학술논문

Identifying computer-generated text using statistical analysis
Document Type
Conference
Source
2017 Asia-Pacific Signal and Information Processing Association Annual Summit and Conference (APSIPA ASC) Asia-Pacific Signal and Information Processing Association Annual Summit and Conference (APSIPA ASC), 2017. :1504-1511 Dec, 2017
Subject
Communication, Networking and Broadcast Technologies
Signal Processing and Analysis
Feature extraction
Linear regression
Standards
Data mining
Loss measurement
Natural languages
Language
Abstract
Computer-based automatically generated text is used in various applications (e.g., text summarization, machine translation) and has come to play an important role in daily life. However, computer-generated text may produce confusing information due to translation errors and inappropriate wording caused by faulty language processing, which could be a critical issue in presidential elections and product advertisements. Previous methods for detecting computer-generated text typically estimate text fluency, but this may not be useful in the near future due to the development of neural-network-based natural language generation that produces wording close to human-crafted wording. A different approach to detecting computergenerated text is thus needed. We hypothesize that human-crafted wording is more consistent than that of a computer.
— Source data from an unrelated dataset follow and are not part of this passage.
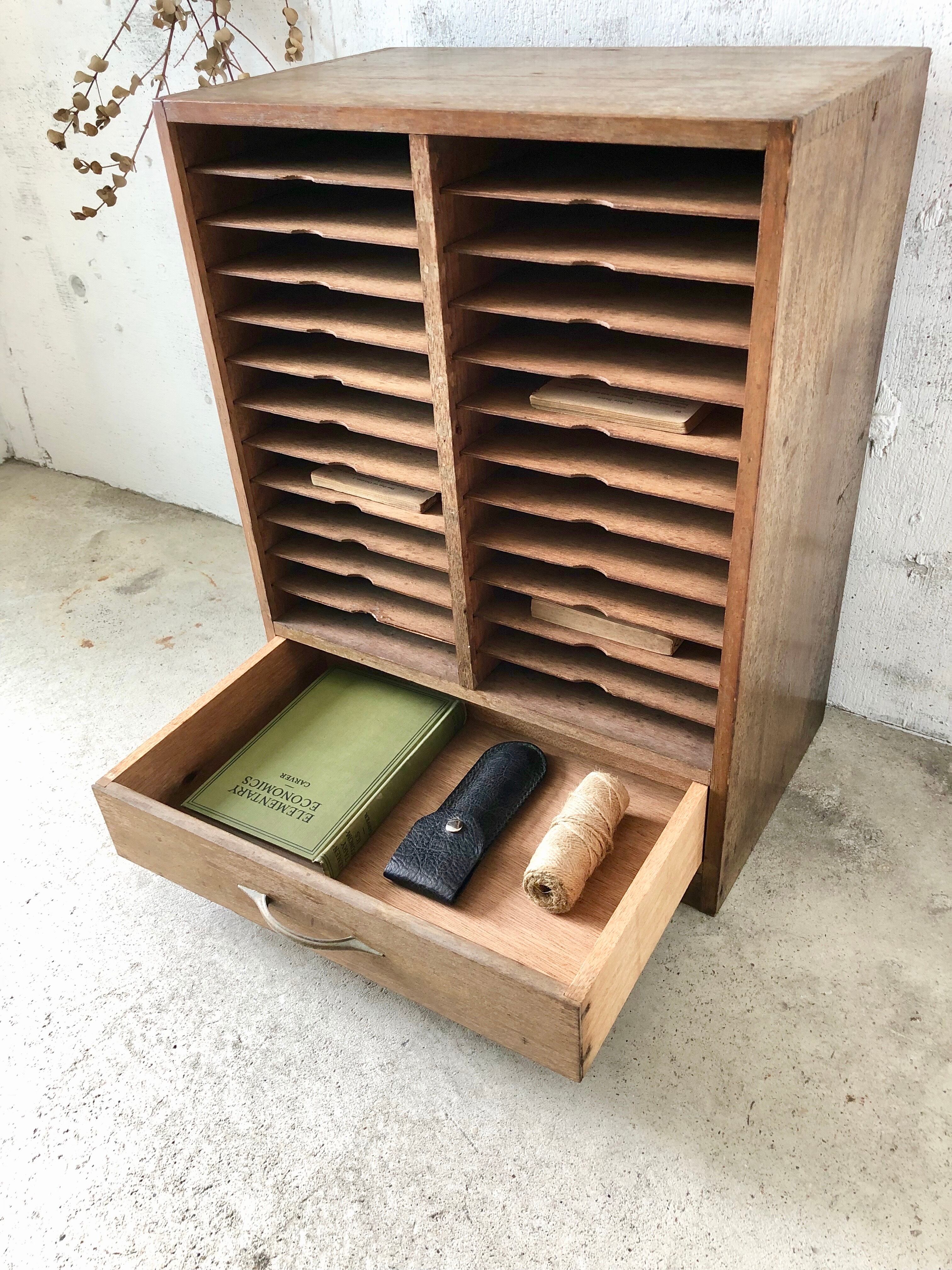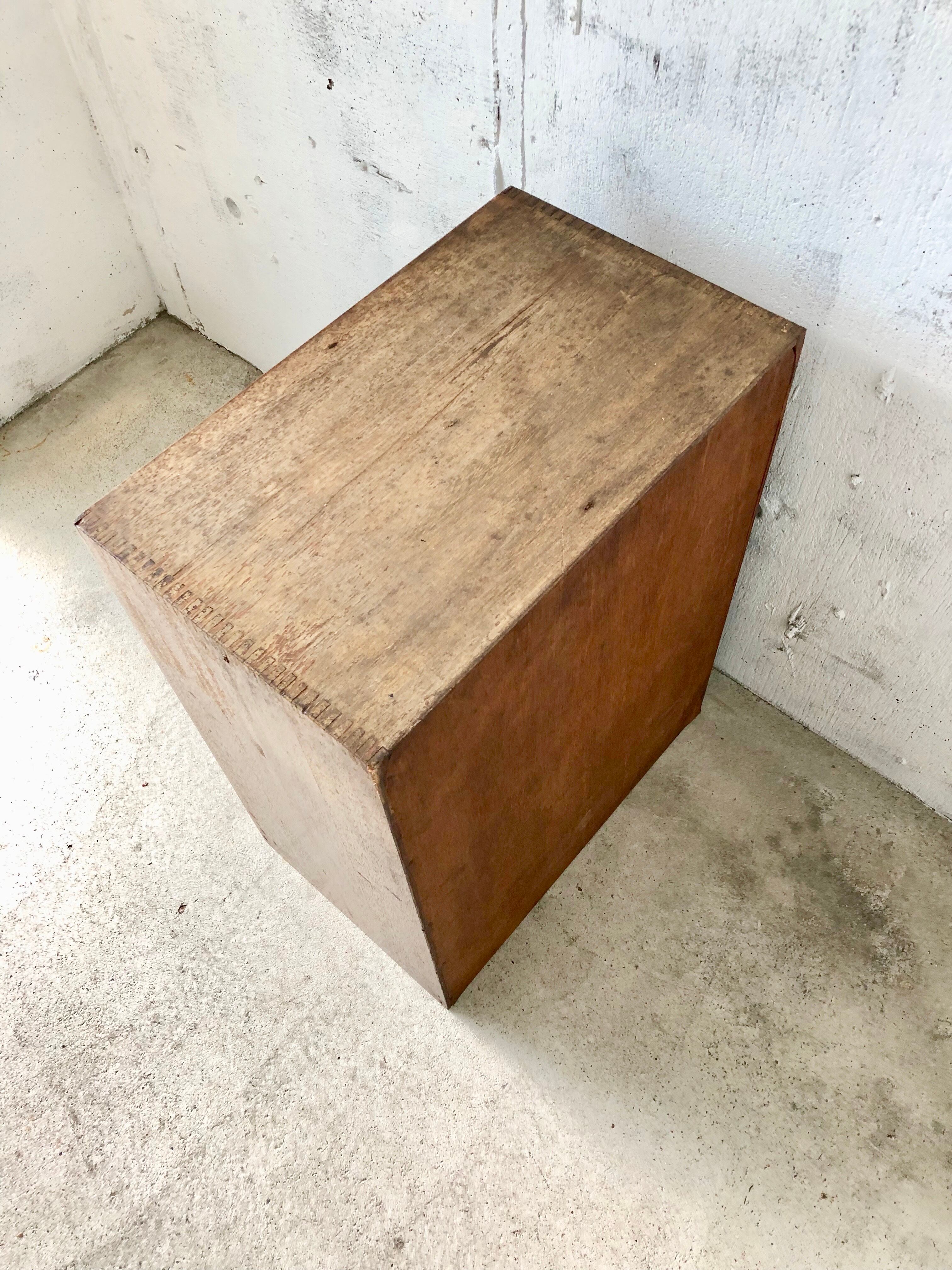 経年変化の雰囲気良い木肌、味のある取手が感じ良いカルテケース。特に目立つがたつきもなく、状態は良いです。作業スペースで書類の整理や、はがきや切手などの紙物の収納にもスッキリと活躍してくれそうです。
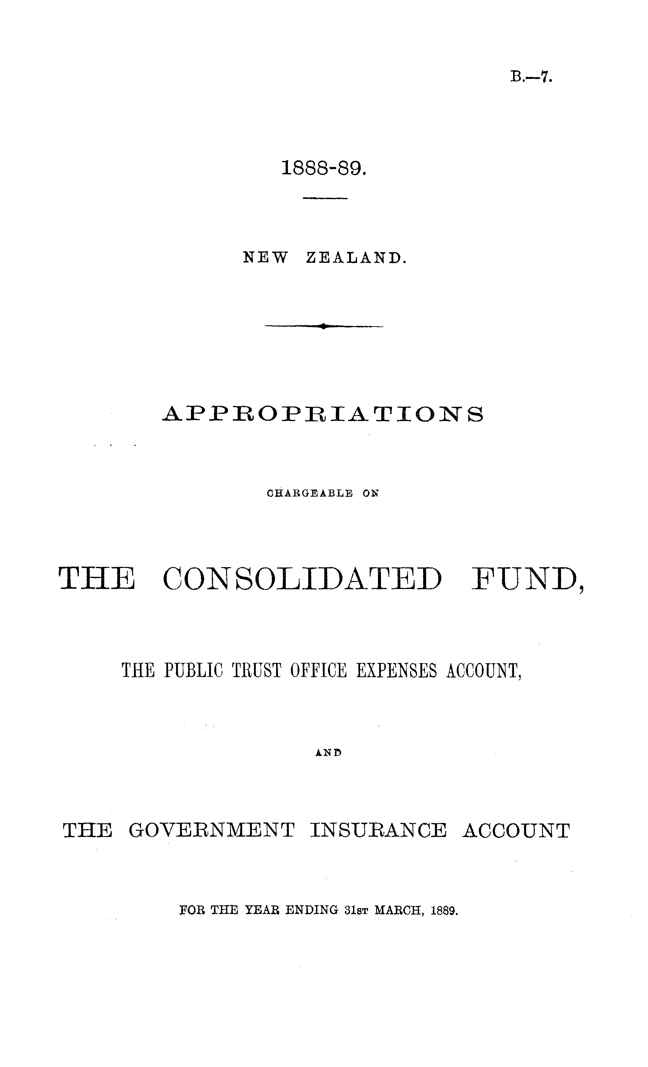 APPROPRIATIONS CHARGEABLE ON THE CONSOLIDATED FUND, THE PUBLIC TRUST OFFICE EXPENSES ACCOUNT, AND THE GOVERNMENT INSURANCE ACCOUNT FOR THE YEAR ENDING 31st MARCH, 1889.
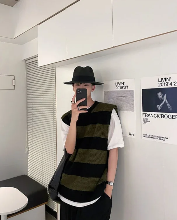 HEARUJOY - Waistcoat Sleeveless Long Sweater Man V Neck Knit Vests for Men Korean Popular Clothes Cheap Knitwear Cashmere Elegant Smooth

For instance, Zipf's law states that the most frequent word in human-written text has approximately twice the frequency of the second most frequent word, nearly three times that of the third most frequent word, and so on. We found that this is not true in the case of computer-generated text. We hence propose a method to identify computer-generated text on the basis of statistics. First, the word distribution frequencies are compared with the corresponding Zipfian distributions to extract the frequency features. Next, complex phrase features are extracted because human-generated text contains more complex phrases than computer-generated text. Finally, the higher consistency of the human-generated text is quantified at both the sentence level using phrasal verbs and at the paragraph level using coreference resolution relationships, which are integrated into consistency features. The combination of the frequencies, the complex phrases, and the consistency features was evaluated for 100 English books written originally in English and 100 English books translated from Finnish. The results show that our method achieves better performance (accuracy = 98.0%; equal error rate = 2.9%) compared with the most suitable method for books using parsing tree feature extraction. Evaluation using two other languages (French and Dutch) showed similar results. The proposed method thus works consistently in various languages.